Но предаваться грусти и сетованьям не было теперь возможности: надвигались такие важные события, которые поглощали всякую личную жизнь: кроме того, надо было устраиваться в новом жилье, и устраиваться не как–нибудь. Богдан купил великолепную усадьбу, которую еще и подстроил, и приукрасил по своему желанию. Чигиринские обыватели только дивились тому, откуда у разоренного пана писаря берется столько денег, но он бросал их такую массу, что, казалось, в карманах его находился неиссякаемый родник! Вскоре, благодаря неутомимым заботам Ганны и двух молоденьких дивчат, дом пана сотника принял такой зажиточный и красивый вид, которому позавидовал бы и любой из вельможных панов. Часто, входя в светлицу, Богдан заставал всю семью свою за мирной работой, теснящуюся вокруг Ганны. Молча любовался пан писарь этой мирной картиной, и тихий вздох вырывался из его груди.
— Что с вами, дядьку? — подойдет к нему, бывало, Ганна, — о чем зажурылись? Злое дело рассеяло нас, а вот милосердный бог дал, и собрались все.
— Эх, Ганно, — ответит, отвернувшись в сторону, пан писарь, — склеенное не бывает целым, — и выйдет из покоя вон.
Ежедневно ходил Богдан с Ганной по своему дворищу осматривать последние работы, что торопливо оканчивались, несмотря на зимнюю пору. Кругом них все кипело жизнью, и вдруг, среди горячих хлопот, советов и приказаний, Богдан умолкал на полуслове и с грустью устремлял свой взор на суетящихся кругом рабочих.
— Что с вами, дядьку? — спрашивала его участливо Ганна, стараясь заглянуть ему в глаза. — Господь отнял ваше старое гнездо, а он же дал вам еще лучшее.
— Эх, порадонька ты моя тихая, — отвечал печально Богдан, проводя рукою по ее темноволосой голове, — мне уже больше гнезд не вить… не для меня оно!
И эта отцовская ласка наполняла сердце Ганны неизъяснимой радостью. Больше она ничего и не хотела: так бы и до смерти. Но вскоре пришлось расстаться с тихой и мирной жизнью.
Окончивши устройство и украшение своего дома, Богдан зажил так широко и открыто, что слава о его хлебосольстве прогремела далеко кругом. Ежедневно в доме его стали собираться и шляхтичи, и козаки. Богдан угощал всех на славу. Мед и вино лились неиссякаемым потоком, а веселое, шутливое настроение любезного хозяина окончательно очаровывало гостей. Мало–помалу у Богдана стала бывать вся Чигиринская шляхта. Некоторые из панов пробовали было сначала утешать пана писаря, но последний оказал сам такое изумительное забвение своим обидам, что вскоре шляхта почувствовала себя совершенно свободно в доме оскорбленного и униженного козака.

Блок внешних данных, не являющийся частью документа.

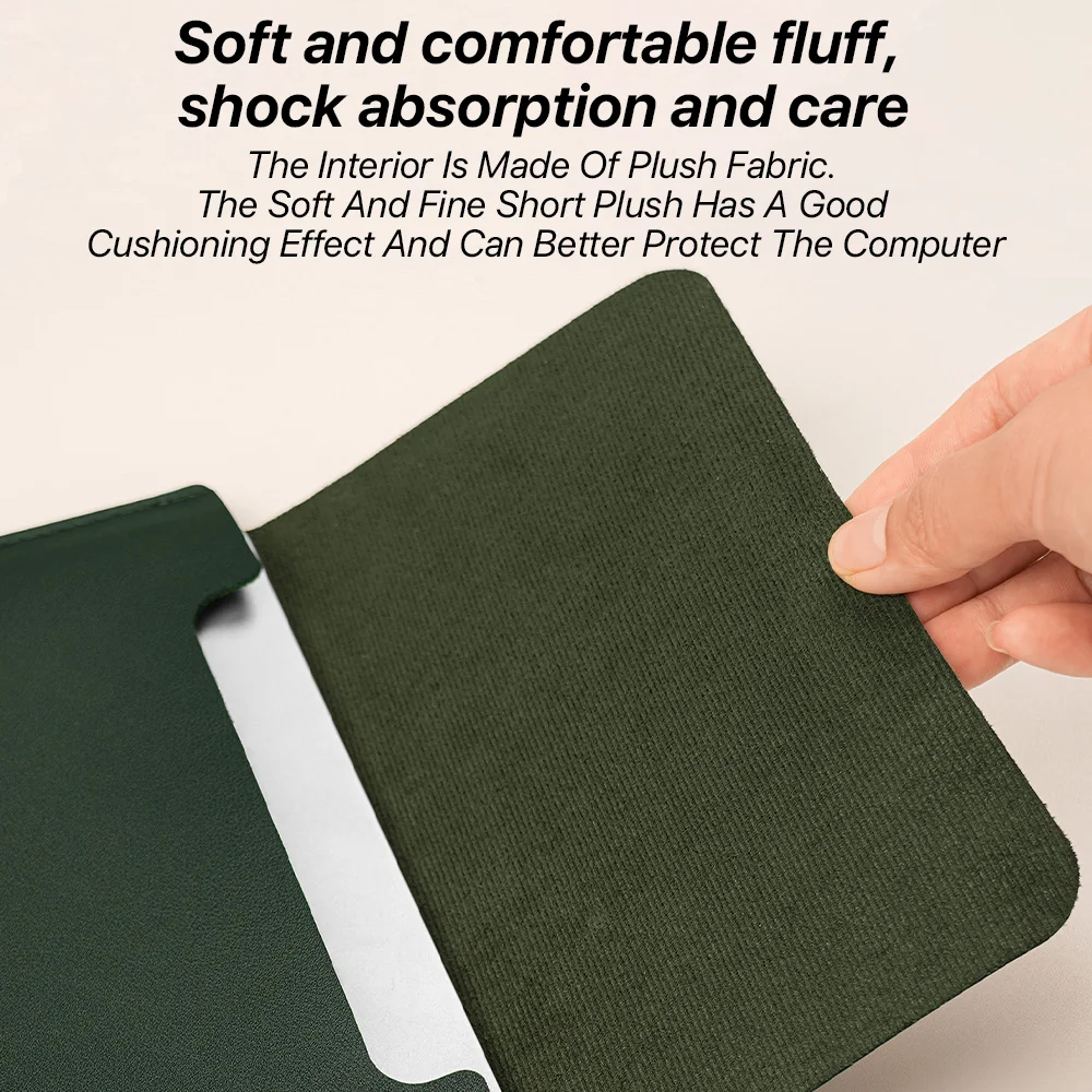 내부는 플러시 원단으로 제작되었습니다. 부드럽고 고운 짧은 플러시는 쿠셔닝 효과가 뛰어나며 컴퓨터를 더 잘 보호할 수 있습니다.

— Эх, пане писарю, пане писарю, — говаривал, бывало, заплетающимся языком кто–либо из дородных панов. — Ну, стоило ли тебе огорчаться из–за какого–то хуторка и одной девушки?
— Да лягни меня конь в самое око, — восклицал со смехом Богдан, — если я жалею о том! Привык было сначала к девушке, оно и было досадно! А как съездил я в Варшаву, так вижу теперь, что товар этот недорогой; можно за два червонца полкопы купить. Да и о хуторе жалел я, потому что не знал городской жизни, а теперь с такими друзьями, обнимал он хмелеющих соседей, — да давай мне назад Суботов — сам не пойду! Да есть ли еще тут время сожалеть о чем–нибудь в жизни? «Жице наше крутке — выпиеми вудки!» — заключал он ухарским возгласом.

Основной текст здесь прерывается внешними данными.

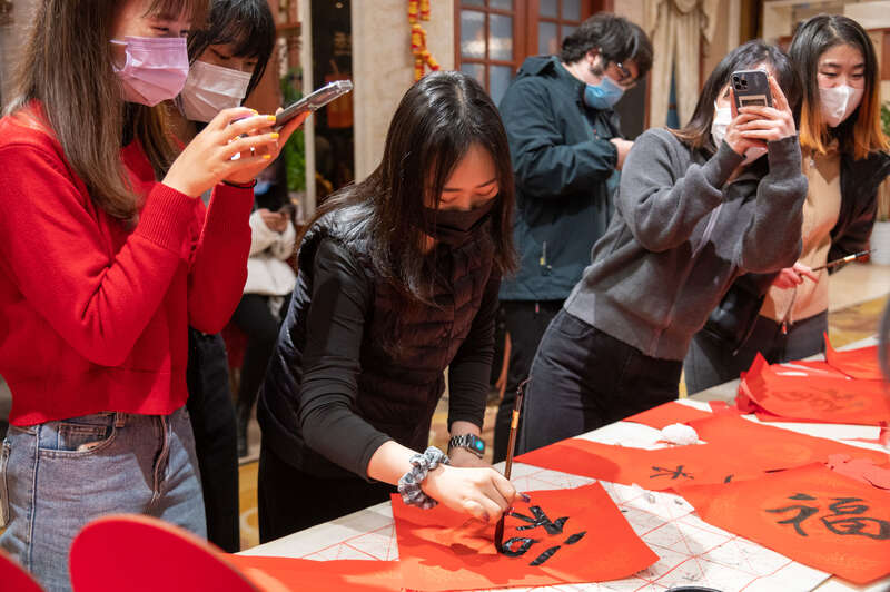 中国青年报客户端讯(中青报·中青网记者 李剑平)连日来,浙江省宁波市城乡张灯结彩,年味浓厚,浙江万里学院、宁波诺丁汉大学在严格遵守疫情防控要求下,组织留校中外师生一同感受传统年味。   来自的

— Жице наше недлуге, выпиеми по другий! — подхватывал с громким ржанием другой.
И красные, вспотевшие лица лезли целоваться к пану писарю. Стаканы звенели, и вино лилось да лилось.

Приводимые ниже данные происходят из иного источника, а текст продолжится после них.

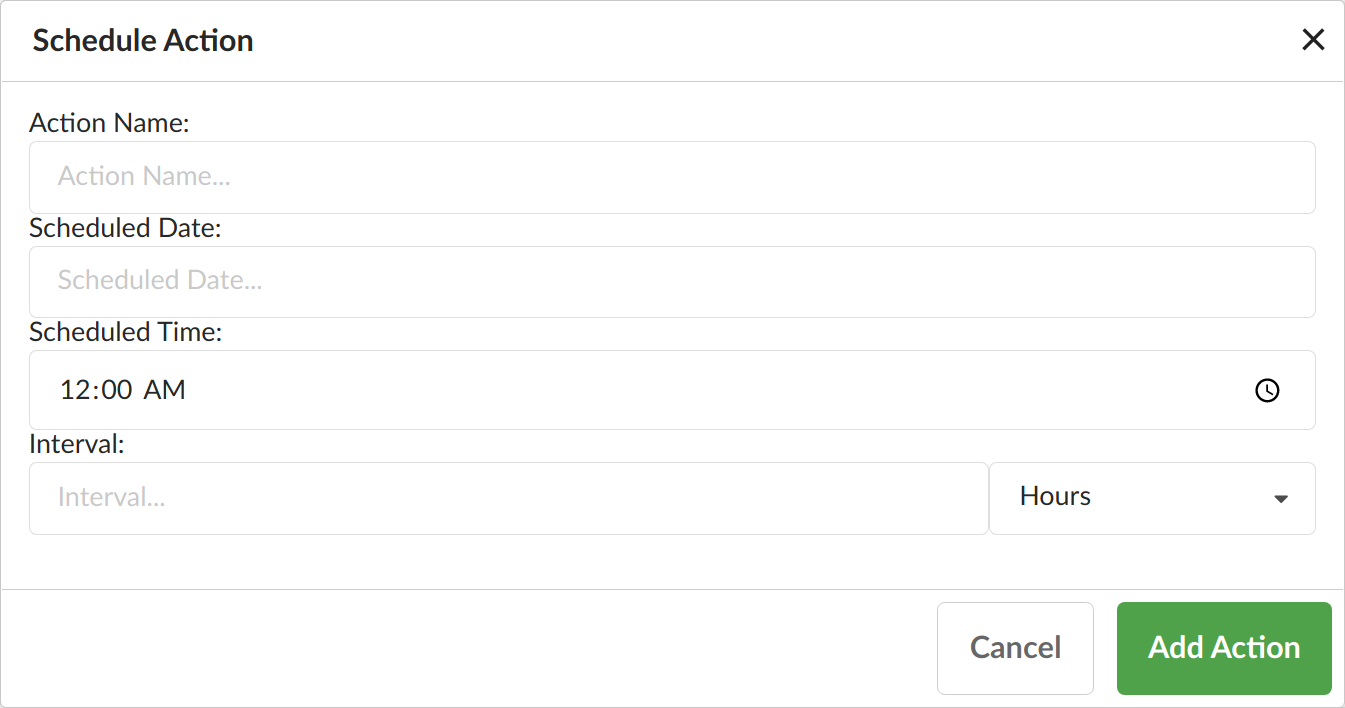 Enter a name for the action and the date and time to apply it. You can leave the Interval field empty to apply the action once.

Когда же после этих шумных пирушек Ганна входила в светлицу, она заставала Богдана одного, сидевшего у залитого вином стола, с головой, опущенной на руки, с мрачным и гневным лицом. Он поднимался ей навстречу и, окидывая следы пиршества презрительным взглядом, говорил злобным торжествующим взглядом: «Ничего, ничего, моя голубка, потерпим еще немного, больше терпели. Поднесем им такого меду, от которого у всей Польши закружится голова!»